**Assignment**
Please return exactly the lines from the beginning of the listing up to and including the line with "Organizat de Camera", with no pictures.

**Data block**
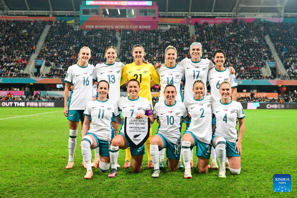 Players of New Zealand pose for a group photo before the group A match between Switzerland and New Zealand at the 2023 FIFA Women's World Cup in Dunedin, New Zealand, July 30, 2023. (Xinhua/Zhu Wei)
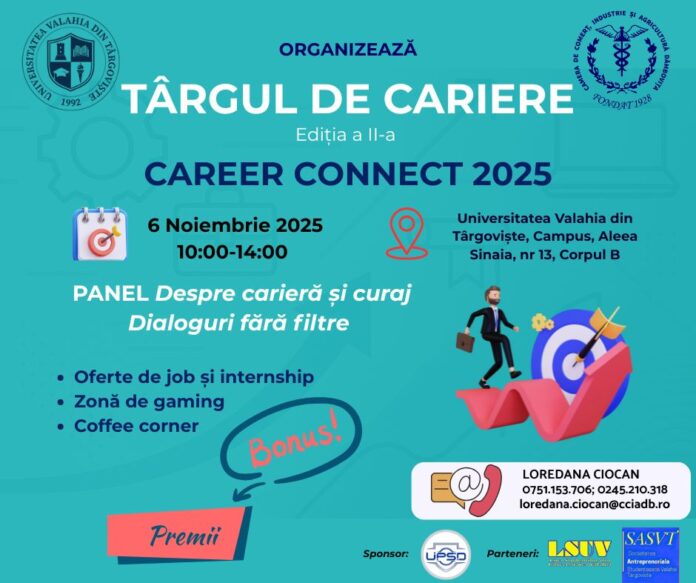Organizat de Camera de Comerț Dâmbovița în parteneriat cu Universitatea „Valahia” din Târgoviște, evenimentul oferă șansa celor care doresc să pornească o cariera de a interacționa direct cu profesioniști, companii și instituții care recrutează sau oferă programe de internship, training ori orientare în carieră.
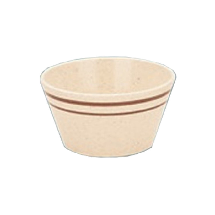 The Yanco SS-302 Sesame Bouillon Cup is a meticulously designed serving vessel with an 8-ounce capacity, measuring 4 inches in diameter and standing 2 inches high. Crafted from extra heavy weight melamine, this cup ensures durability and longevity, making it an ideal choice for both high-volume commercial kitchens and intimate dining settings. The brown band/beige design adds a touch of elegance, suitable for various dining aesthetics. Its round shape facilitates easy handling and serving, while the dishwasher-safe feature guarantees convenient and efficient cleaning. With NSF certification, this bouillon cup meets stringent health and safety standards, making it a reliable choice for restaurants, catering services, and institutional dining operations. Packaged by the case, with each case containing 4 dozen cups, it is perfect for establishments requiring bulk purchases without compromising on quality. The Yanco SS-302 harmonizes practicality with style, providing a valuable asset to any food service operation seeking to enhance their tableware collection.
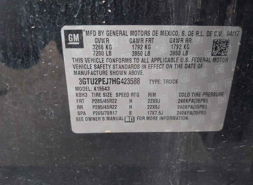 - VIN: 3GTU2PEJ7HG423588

**Response to the exercise**
 Players of New Zealand pose for a group photo before the group A match between Switzerland and New Zealand at the 2023 FIFA Women's World Cup in Dunedin, New Zealand, July 30, 2023. (Xinhua/Zhu Wei)
Organizat de Camera de Comerț Dâmbovița în parteneriat cu Universitatea „Valahia” din Târgoviște, evenimentul oferă șansa celor care doresc să pornească o cariera de a interacționa direct cu profesioniști, companii și instituții care recrutează sau oferă programe de internship, training ori orientare în carieră.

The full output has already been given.